Data to examine |
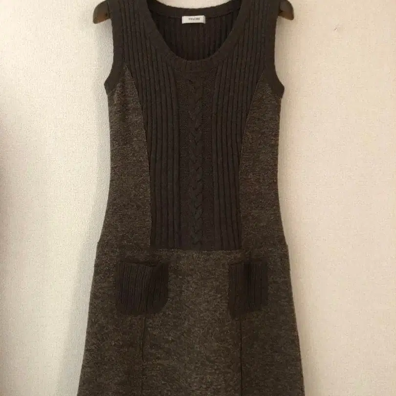 다크 브라운의 슬리브리스 니트 원피스, 케이블 니트 편직과 2개의 포켓이 특징입니다.
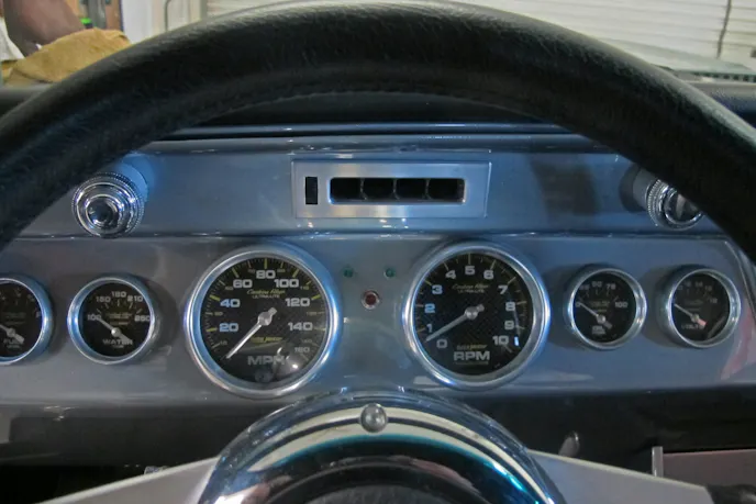 James wanted to retain the basic look of the ’66’s exterior, and that was simple. However, he wanted to “modernize” the interior to give it an updated look and add a little comfort that a stock ’66 interior. To accomplish that, he started by adding a set of late-model seats to the mix. “The seats are power-adjustable units from a Chrysler 300,” says James. The custom dash frame began life as the factory piece, but James took the time to smooth and modify the styling to create a one-off creation. The custom dash face is created with sheetmetal, and once fitted to the car, he then filled the new platform with a bevy of Auto Meter gauges. If you like the console, the hand-built unit houses the manual-gear actuator and a Pioneer sound system.
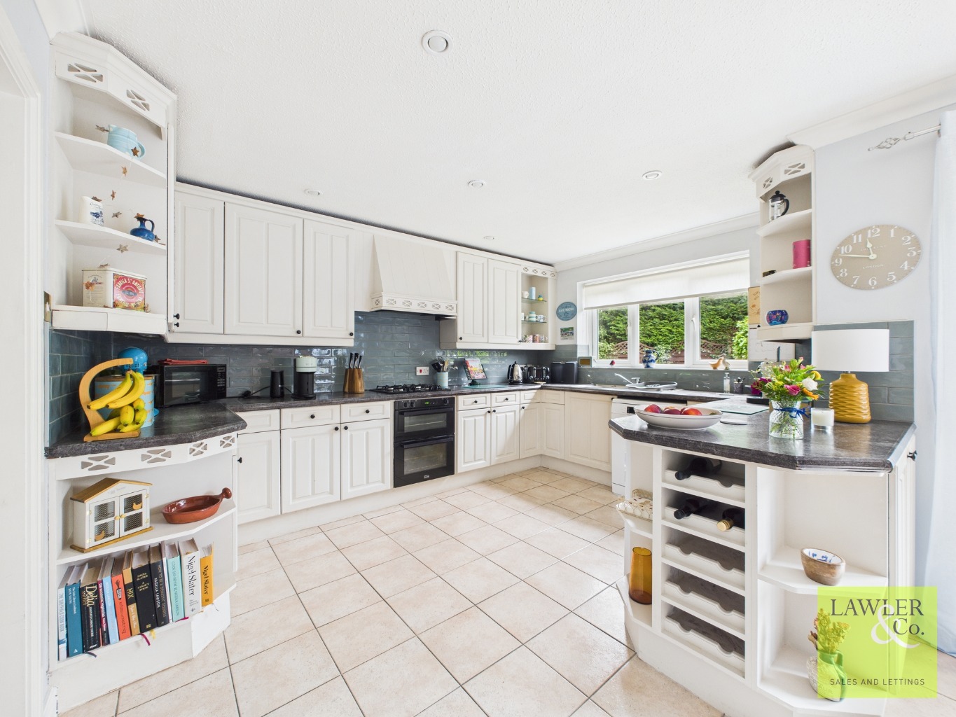 To the rear, a fantastic open-plan kitchen and dining area boasts plenty of cupboard space with both eye- and base-level units, a stylish tiled splashback, integrated oven and hob, and space for additional appliances. Patio doors open directly onto the private rear garden, creating a seamless indoor-outdoor living experience. Just off the kitchen, a practical utility room adds further convenience.
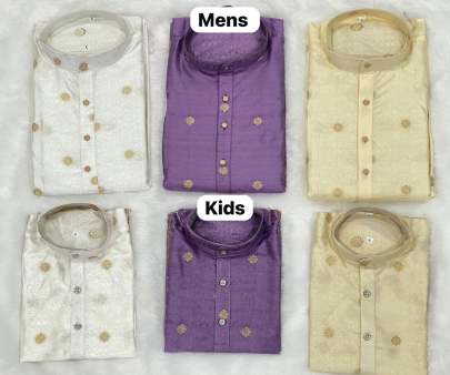Premium silk kurta with jacquard Father Kids Kurta Combo
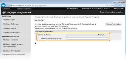 Saisissez le mot de passe configuré lors de l'exportation des paramètres.
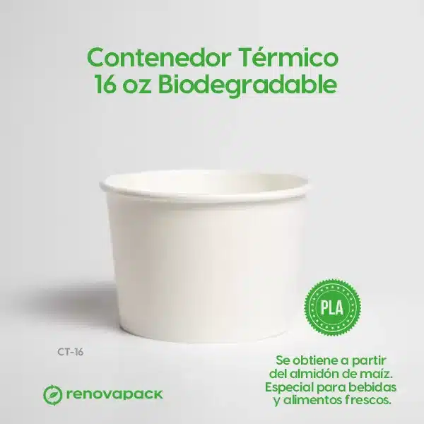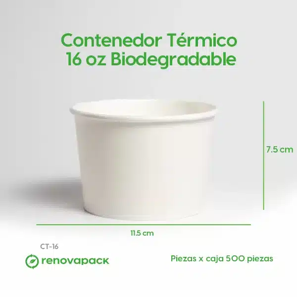Contenedor Térmico 16oz Biodegradable. (11.5cm de diámetro, 7.5cm de altura). Hecho de papel y laminado de PLA. Materiales biodegradables y compostables. Especial para alimentos y bebidas calientes. Material térmico. Su degradación se da entre los 90 y los 180 días en composta industrial.
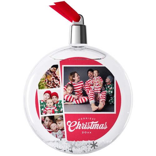 Embrace the magic of the holiday season by bringing cherished memories to life in your own custom snow globe, complete with swirling white snow and silver snowflakes. This mesmerizing liquid-filled tree ornament lets you festively showcase favorite photos, transforming special moments into whimsical wintertime scenes. With the option to personalize with a loved one’s name or a heartfelt holiday message, this ornament makes a delightful keepsake to commemorate special occasions or a truly one-of-a-kind gift they’ll treasure forever.
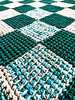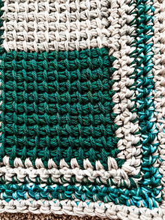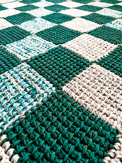 I used Swish Tones for the variegated colors (which I held double with a dove gray color). And I used a dark green color for solid squares for a very modern yet rustic look.
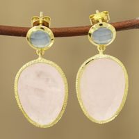Gold Plated Rose Quartz and Chalcedony Dangle Earrings 'Sparkling Muse' Item ID: 2671789907
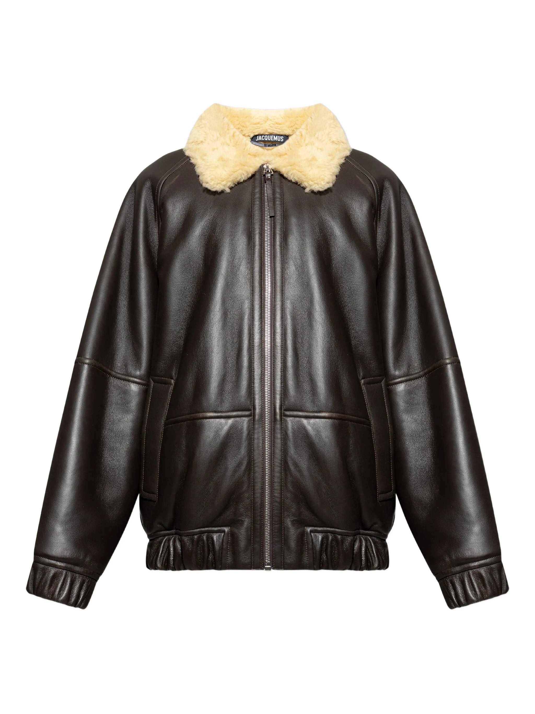 dark brown fur collar zip fastening elasticated hem panelled design embossed logo patch - Color: BROWN - Made in: Turkey - Designer Style ID: OUM00128 AC16L05 880 Composition and care Lamb Skin: 100.0%
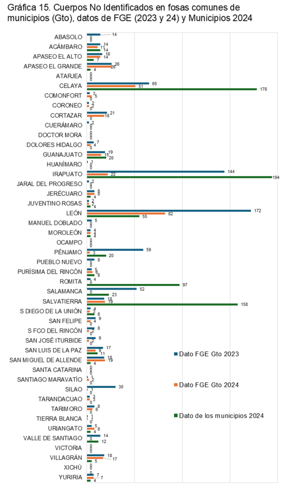 En la gráfica 15, que cierra esta sección, se representan los mismos datos sobre fosas comunes de los municipios con barras agrupadas para mayor claridad.
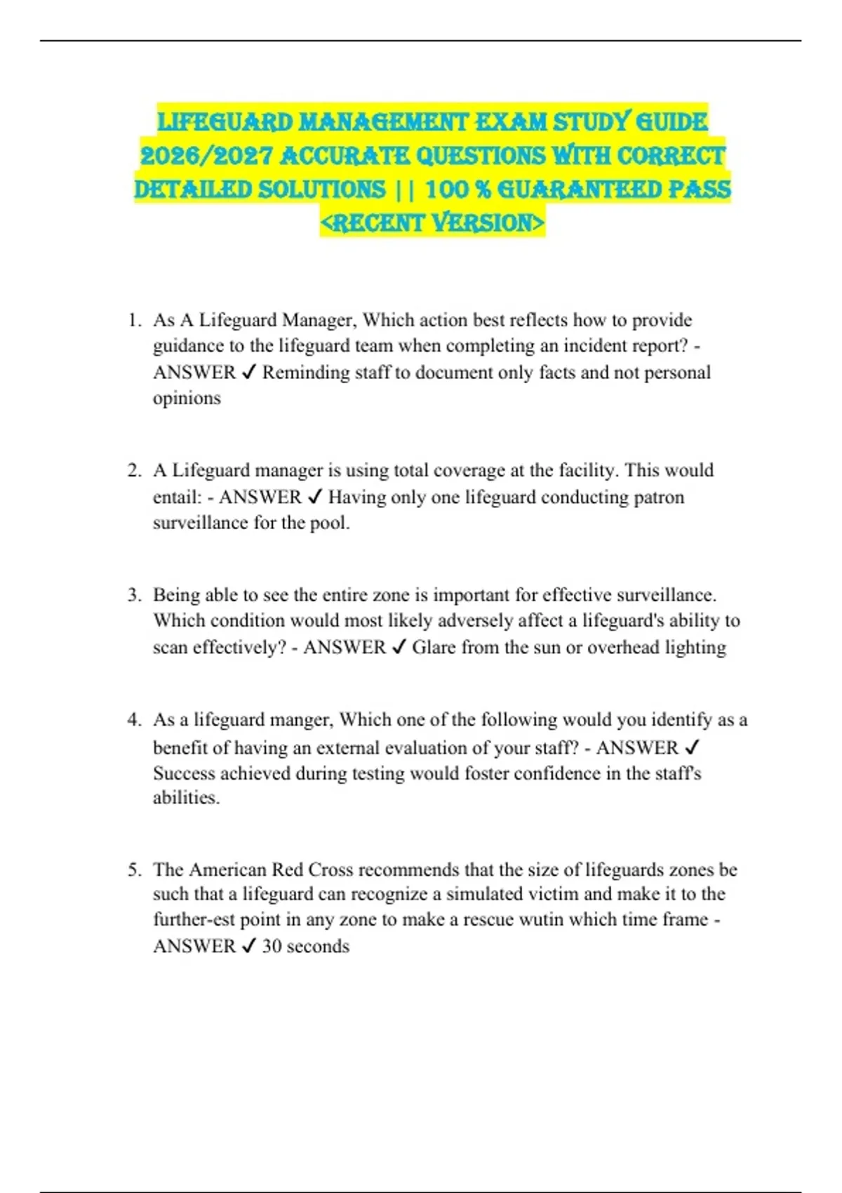 Lifeguard Management EXAM STUDY GUIDE 2026/2027 ACCURATE QUESTIONS WITH CORRECT DETAILED SOLUTIONS || 100 % GUARANTEED PASS RECENT VERSION

Task details |
From the records above, transcribe exactly the lines starting at the one containing "To the rear, a" and ending at the one containing "Contenedor Térmico 16oz". Skip the pictures.

Solution to the problem |
 To the rear, a fantastic open-plan kitchen and dining area boasts plenty of cupboard space with both eye- and base-level units, a stylish tiled splashback, integrated oven and hob, and space for additional appliances. Patio doors open directly onto the private rear garden, creating a seamless indoor-outdoor living experience. Just off the kitchen, a practical utility room adds further convenience.
Premium silk kurta with jacquard Father Kids Kurta Combo
 Saisissez le mot de passe configuré lors de l'exportation des paramètres.
Contenedor Térmico 16oz Biodegradable. (11.5cm de diámetro, 7.5cm de altura). Hecho de papel y laminado de PLA. Materiales biodegradables y compostables. Especial para alimentos y bebidas calientes. Material térmico. Su degradación se da entre los 90 y los 180 días en composta industrial.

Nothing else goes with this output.